_Task to carry out:_
Copy, word for word, the lines below from the one containing "CARRETAS DE TRACTOR" up to and including the one containing "先生たちが作る手作りの おいしいお昼ごはん", with pictures left out.

_The records:_
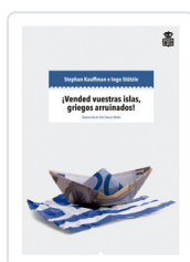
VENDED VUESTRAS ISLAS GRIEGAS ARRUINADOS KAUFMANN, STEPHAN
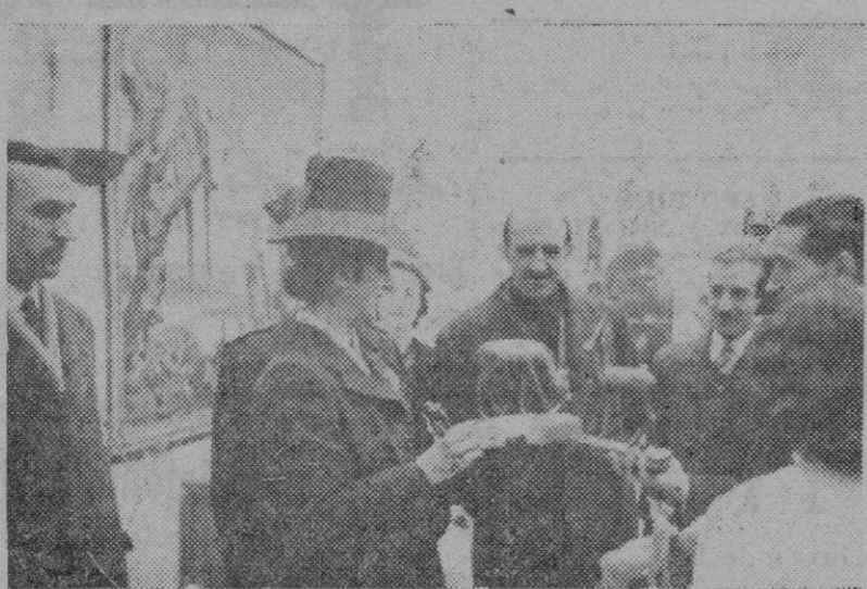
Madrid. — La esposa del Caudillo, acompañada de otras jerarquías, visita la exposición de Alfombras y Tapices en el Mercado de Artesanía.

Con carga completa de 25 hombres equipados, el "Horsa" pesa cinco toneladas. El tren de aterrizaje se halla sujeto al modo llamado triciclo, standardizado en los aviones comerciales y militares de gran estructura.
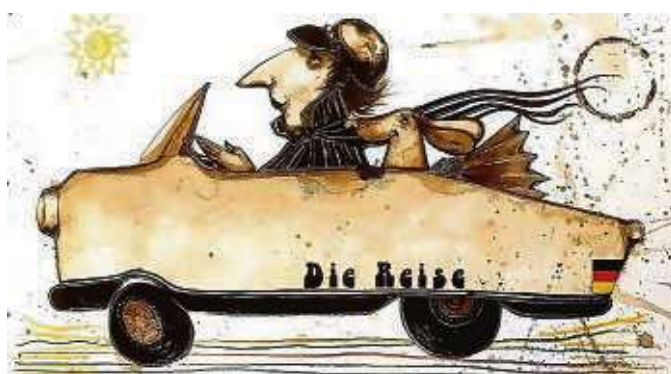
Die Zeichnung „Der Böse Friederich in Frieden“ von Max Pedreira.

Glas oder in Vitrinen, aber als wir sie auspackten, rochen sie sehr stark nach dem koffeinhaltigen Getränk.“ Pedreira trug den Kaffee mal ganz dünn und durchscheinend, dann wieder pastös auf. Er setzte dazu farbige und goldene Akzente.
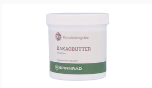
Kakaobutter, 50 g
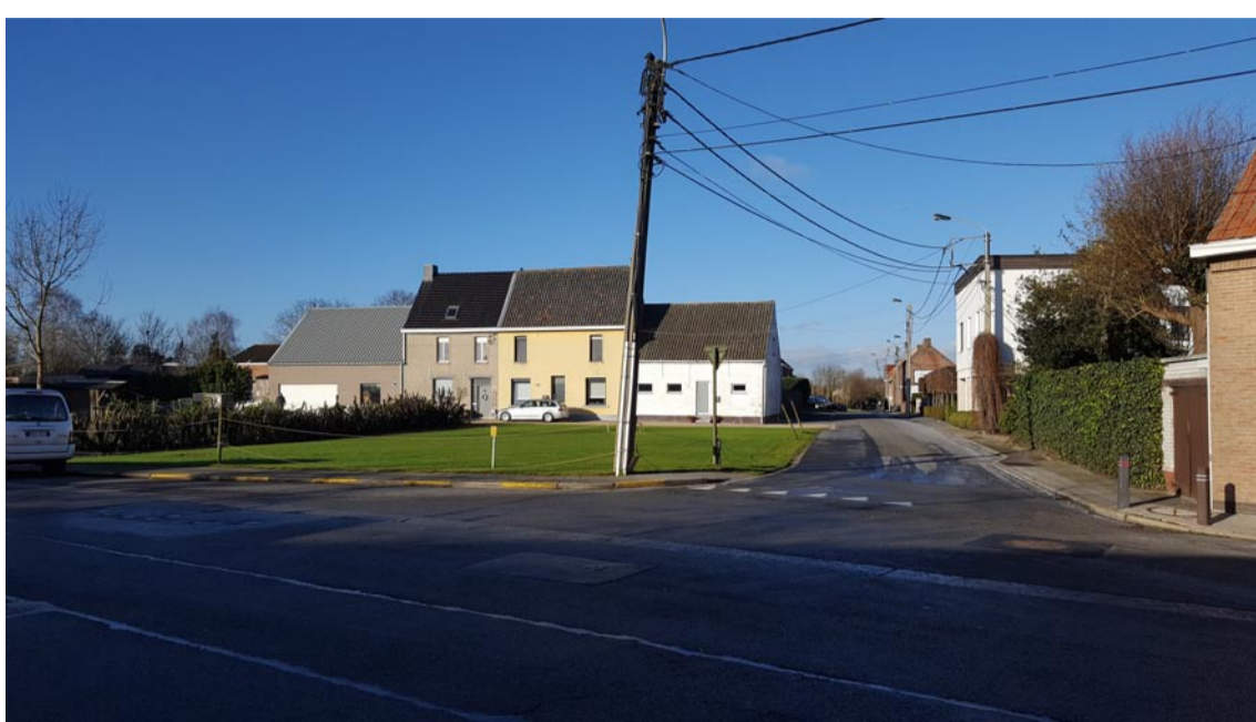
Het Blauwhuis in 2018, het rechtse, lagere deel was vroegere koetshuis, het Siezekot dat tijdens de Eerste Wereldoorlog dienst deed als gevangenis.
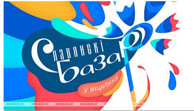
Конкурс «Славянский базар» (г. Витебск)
==
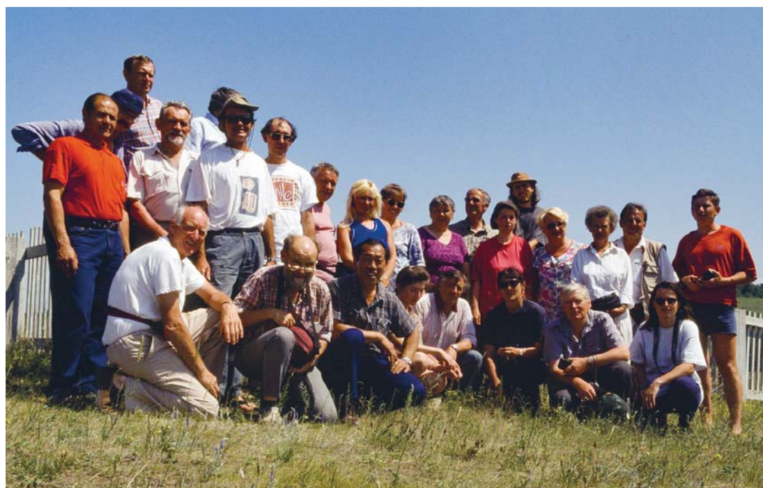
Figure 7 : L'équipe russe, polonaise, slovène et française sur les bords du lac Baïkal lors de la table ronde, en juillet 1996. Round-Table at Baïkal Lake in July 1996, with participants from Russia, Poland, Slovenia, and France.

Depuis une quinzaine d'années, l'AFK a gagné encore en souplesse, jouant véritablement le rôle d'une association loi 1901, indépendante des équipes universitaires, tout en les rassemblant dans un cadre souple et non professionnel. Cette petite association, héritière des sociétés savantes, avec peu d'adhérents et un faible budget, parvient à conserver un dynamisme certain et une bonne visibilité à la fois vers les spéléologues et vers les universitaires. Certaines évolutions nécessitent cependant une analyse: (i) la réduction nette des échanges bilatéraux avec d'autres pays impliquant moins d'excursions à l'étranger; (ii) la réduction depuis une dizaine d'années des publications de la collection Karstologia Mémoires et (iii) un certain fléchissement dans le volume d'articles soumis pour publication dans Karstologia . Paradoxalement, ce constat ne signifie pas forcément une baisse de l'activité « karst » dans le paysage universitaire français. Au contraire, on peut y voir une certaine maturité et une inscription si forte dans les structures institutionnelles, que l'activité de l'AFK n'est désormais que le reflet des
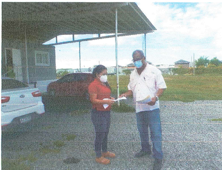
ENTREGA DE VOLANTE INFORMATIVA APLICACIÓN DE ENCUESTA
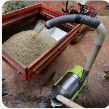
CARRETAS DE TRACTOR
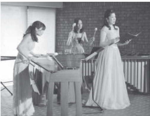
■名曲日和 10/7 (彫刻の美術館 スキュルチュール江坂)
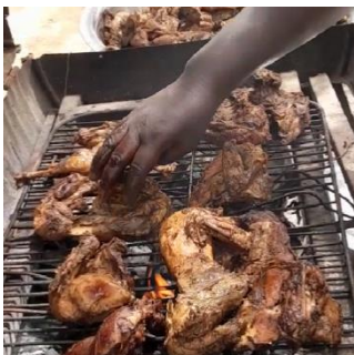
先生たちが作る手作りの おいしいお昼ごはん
* * *
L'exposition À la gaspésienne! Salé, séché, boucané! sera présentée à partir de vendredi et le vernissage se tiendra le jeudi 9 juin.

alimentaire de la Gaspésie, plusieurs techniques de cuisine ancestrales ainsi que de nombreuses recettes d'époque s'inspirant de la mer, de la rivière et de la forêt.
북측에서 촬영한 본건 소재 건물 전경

_Task response:_
CARRETAS DE TRACTOR
■名曲日和 10/7 (彫刻の美術館 スキュルチュール江坂)
先生たちが作る手作りの おいしいお昼ごはん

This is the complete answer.